Dépeindre la condition humain

Si l’artiste belge dépeint si bien l’humain tout en poésie, il ne peut s’empêcher de se sen­tir hors de l’humanité : « J’me con­stru­is plus dans le regard des autres. J’suis ni des leurs, ni des vôtres, ni des nôtres » (Amnésie). Il se place en obser­va­teur du monde et de ses pires cru­autés. Une posi­tion que le choix de sa dernière pochette d’album illustre. 

Dans l’œil de l’artiste se reflète « l’univers observ­able ». Romain Garcin, qui a réal­isé la cov­er de Lithopé­dion, avait révélé au média Check que Damso lui avait expliqué que « l’œil est la seule par­tie de mon corps avec laque­lle je peux voir le monde sans me voir moi-même. » Le rappeur met donc l’homme face à ce qu’il y a de pire en lui, mais refuse de se voir lui-même.

 

Cov­er de l’al­bum « Lithopé­dion ». Crédit : Romain Garcin.

 

Son oeu­vre s’inscrit ain­si dans la lignée de celles qui cherchent à dépein­dre l’homme dans sa réal­ité la plus brute, aus­si trag­ique soit-elle. Un art qui se rap­proche du mou­ve­ment nat­u­ral­iste mené par Emile Zola. Avec sa série « Les Rougon-Mac­quart », il avait pour ambi­tion de « couch­er l’hu­man­ité sur une page blanche, toutes les choses, tous les êtres ».

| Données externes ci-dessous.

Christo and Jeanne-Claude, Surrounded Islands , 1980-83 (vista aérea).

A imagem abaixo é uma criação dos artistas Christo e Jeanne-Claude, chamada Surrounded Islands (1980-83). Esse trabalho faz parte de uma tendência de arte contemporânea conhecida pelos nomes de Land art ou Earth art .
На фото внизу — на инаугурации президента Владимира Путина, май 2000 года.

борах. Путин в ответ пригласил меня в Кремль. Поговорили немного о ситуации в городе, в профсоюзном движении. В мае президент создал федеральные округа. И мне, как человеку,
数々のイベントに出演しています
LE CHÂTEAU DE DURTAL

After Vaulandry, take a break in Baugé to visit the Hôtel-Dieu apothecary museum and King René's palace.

L’écrivain s’y attache à faire le por­trait de tous les êtres qui peu­vent com­pos­er une société : la pros­ti­tuée (Nana), l’alcoolique (L’Assommoir), le meur­tri­er (La Bête Humaine), l’artiste de génie (L’oeuvre)… Zola s’inspirait déjà d’Honoré de Balzac qui cher­chait, avec La Comédie Humaine, à com­pos­er un tableau de l’espèce humaine. 

Damso pour­suit ain­si cette ambi­tion et dresse des por­traits : l’incestueux, le pédophile, le per­vers nar­cis­sique. Le titre Bal­tringue con­dense ain­si une suc­ces­sion de pro­fils types comme celui de l’homosexuel refoulé : « T’es gay en secret tu n’veux pas le dire. Tu t’soulages en baisant des hétéros, ce de quoi t’es fait tu ne peux pas le fuir. »

 

« J’suis un poumon dans un fumoir. J’respire le bien mais il n’y a que du mal tout autour. »

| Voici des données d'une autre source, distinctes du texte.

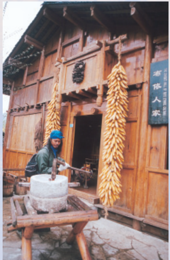
門口總是掛著長串澄黃玉米的布依人家

布依族一年中的節慶不少，除了他們視為新年的潑水節，就以農曆二月二的對歌大會和農曆三月三的花米飯大饗宴最熱鬧了。潑水節的活動都在多依河畔進行，自然沒有缺水之
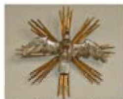
Hl. Geist Darstellung

Weitere Figuren der Kirche sind: Im Chorraum an der Süd-
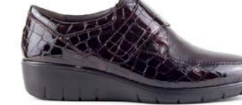
WUV 35-41 | Marron CHUT
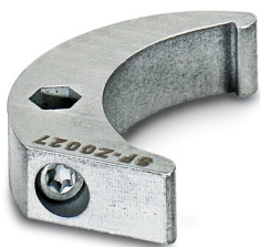
Clé à ergot, série: RC

https://www.phoenixcontact.com/fr/produits/1607455
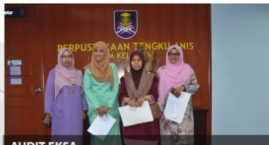
AUDIT EKSA PERPUSTAKAAN TENGKU ANIS - 25 SEPTEMBER 2018
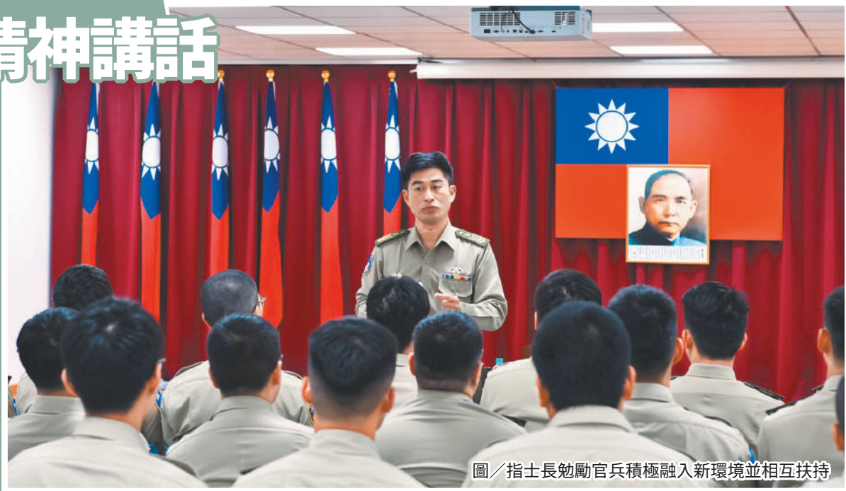
圖／指士長勉勵官兵積極融入新環境並相互扶持

陳士官長以自身經驗分享部隊歷練，提醒幹部在落實領導統御同時，應重視人員適應狀況，適時關懷與輔導，確保訓練與任務安全，進而凝聚團隊向心力；另期勉調職人員隨時掌握自身及同袍狀況，遇有問題即時反映並尋求協處，透過相互支持與照顧，建立穩定安全之工作環境。
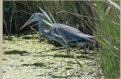
Garsa reial (Ardea cinerea) Garsa reial (Ardea cinerea)
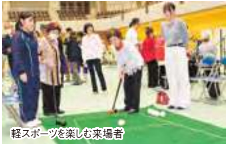
軽スポーツを楽しむ来場者
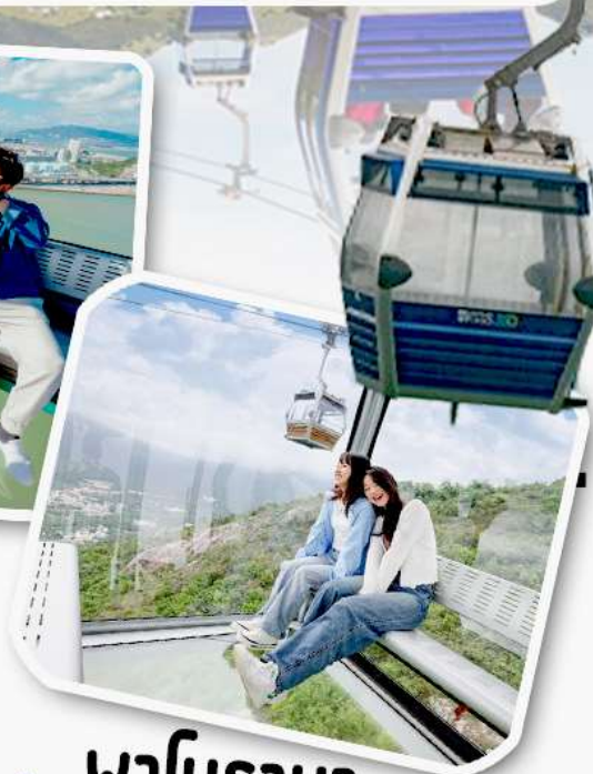
พานิราม่า
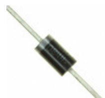
MUR460 ON Semiconductor DIODE GEN PURP 600V 4A DO201AD
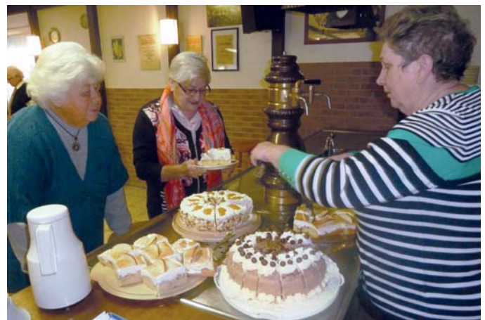
Der Vorstand des Kgv. „Hohenhorst“ lud zum Neujahrsempfang ein: Selbstgebackenes für die Mitglieder!
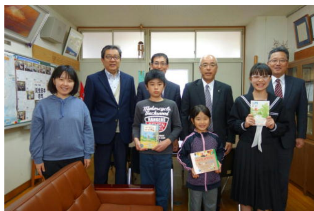
誕生日には村から本のプレゼント
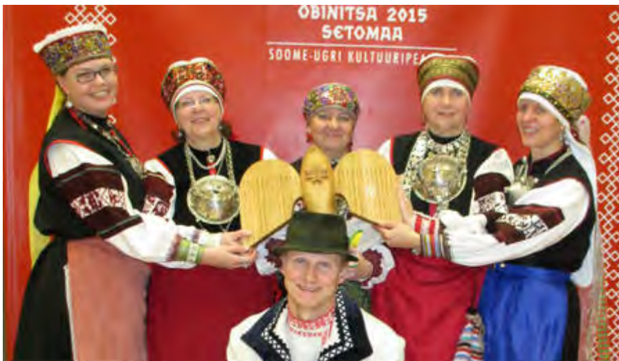
Mooste folk musicians and Madara' ESTONIA | ESTLAND
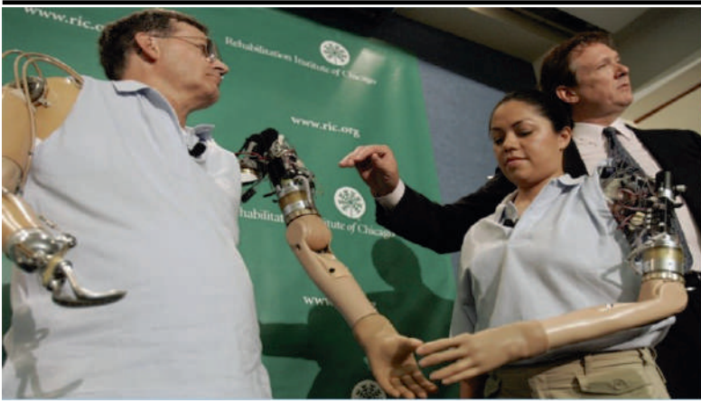
ሥልጠና 4፡ ተፎካዊ ስልጠና ከሰው ሰራሽ ስጅ ጋር መረጃ ሲቀበል

Damso décrit avec agilité et pré­ci­sion des pro­fils génériques qui peu­vent réson­ner en cha­cun de manière si per­son­nelle. C’est là toute sa puis­sance : par­venir à plac­er l’autre face à ses pro­pres angoiss­es jusqu’à le pouss­er à l’introspection : « Dis-moi la vérité, rien qu’la vérité, est-ce que t’aimes vrai­ment la meuf avec qui t’es ou juste par habi­tude, t’oses plus la quit­ter ? » (CQFD). 

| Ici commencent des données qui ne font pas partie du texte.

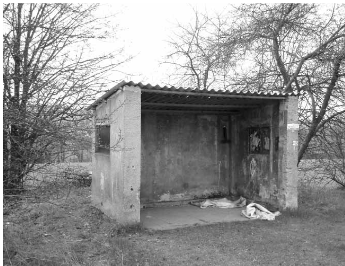
Před opravou zastávky MHD Zlatá...
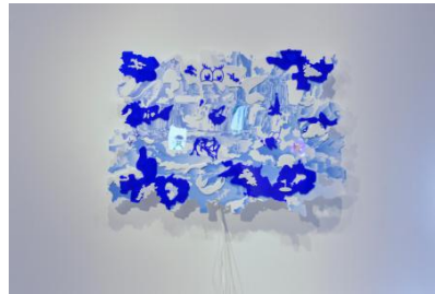
SPAM-In Defence of the abandoned billboard, 2025 Illustratie gedrukt op zelfklevende PVC-folie / plexiglas uitsparingen, 150x105cm
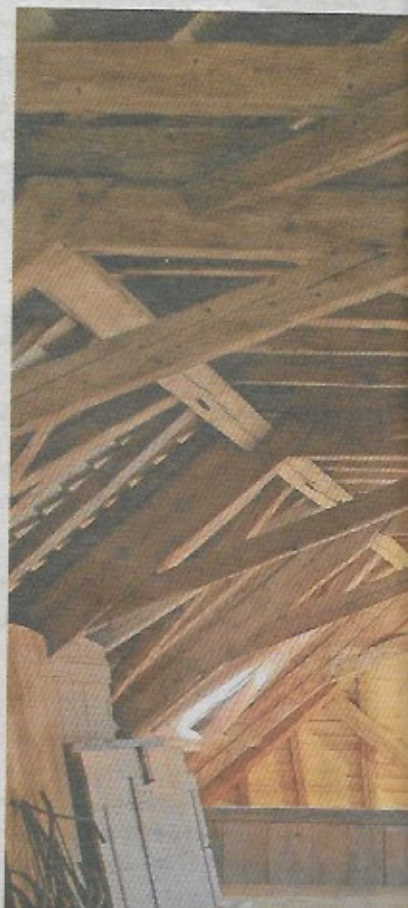
Cet espace a été aménagé pour manger... mais pas toute l'année vu que ce n'est pas chauffé
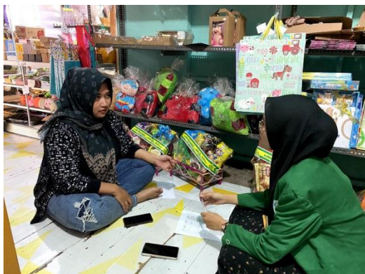
Gambar 2 Foto Proses wawancara Bersama Narasumber
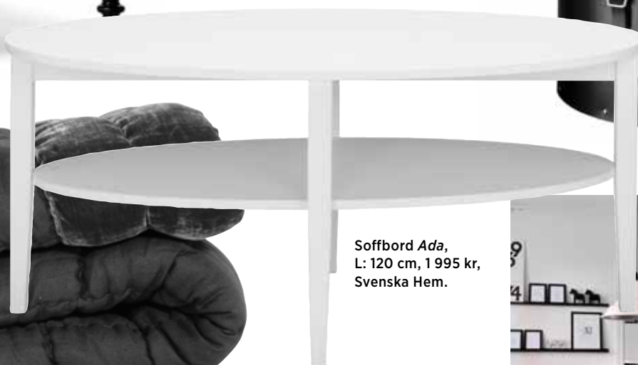
Soffbord Ada , L: 120 cm, 1 995 kr, Svenska Hem.

Les hommes qu’il dépeint sont faibles et mon­strueux, tout comme lui. Damso n’est finale­ment rien d’autre qu’un humain comme les autres, à l’exception près qu’il ressent toute la mis­ère de ce monde et l’expose de manière crue et bru­tale. À tra­vers son oeu­vre, Damso dresse un miroir uni­versel de l’homme et ses trou­bles, dont la méchanceté ne l’a jamais quit­té : « J’su­is un poumon dans un fumoir. J’respire le bien mais il n’y a que du mal tout autour ». (Kietu).